WHAT THIS TASK INVOLVES: Copy the listing exactly, leaving out every picture.

PROVIDED MATERIAL:
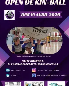 L'association Penn-ar-Bed Kin-Ball (PBKB) organise un open de Kin-Ball, sur la journée du dimanche 19 avril 2026, de 9h30 à 17h.
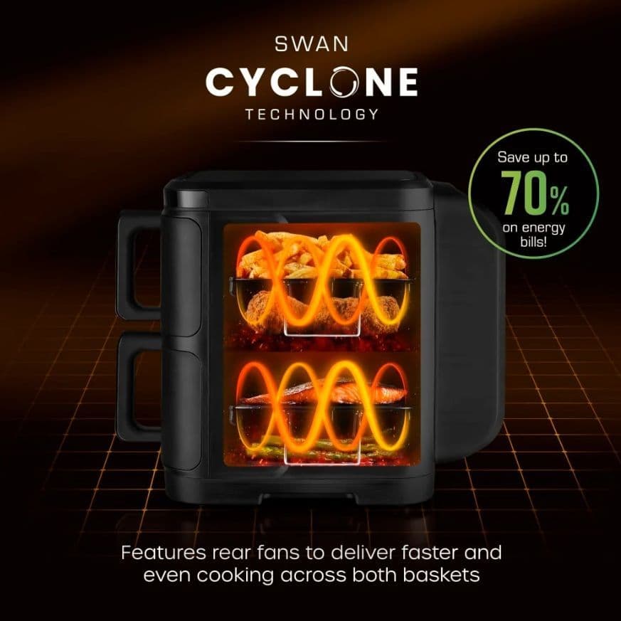 Swan’s unique Cyclone Cooking technology features rear fans to deliver faster and even cooking across both baskets. This saves up to 67% on your energy costs compared to conventional oven cooking.
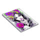 A black and white line drawing of a beautiful girl covered with colourful flowers
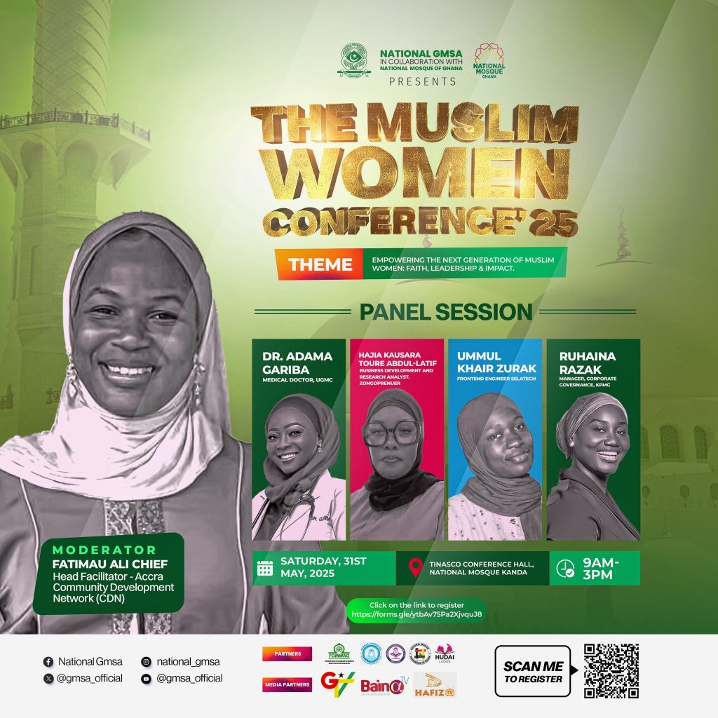 It is slated for Saturday, 31st May 2025 at the National Mosque Conference Hall, Kanda – Accra. It is a ladies only event, open to students & young professionals. The event is organized by National Ghana Muslim Students Association (GMSA) in collaboration with the National Mosque, Ghana.

RESPONSE:
 L'association Penn-ar-Bed Kin-Ball (PBKB) organise un open de Kin-Ball, sur la journée du dimanche 19 avril 2026, de 9h30 à 17h.
 Swan’s unique Cyclone Cooking technology features rear fans to deliver faster and even cooking across both baskets. This saves up to 67% on your energy costs compared to conventional oven cooking.
 A black and white line drawing of a beautiful girl covered with colourful flowers
 It is slated for Saturday, 31st May 2025 at the National Mosque Conference Hall, Kanda – Accra. It is a ladies only event, open to students & young professionals. The event is organized by National Ghana Muslim Students Association (GMSA) in collaboration with the National Mosque, Ghana.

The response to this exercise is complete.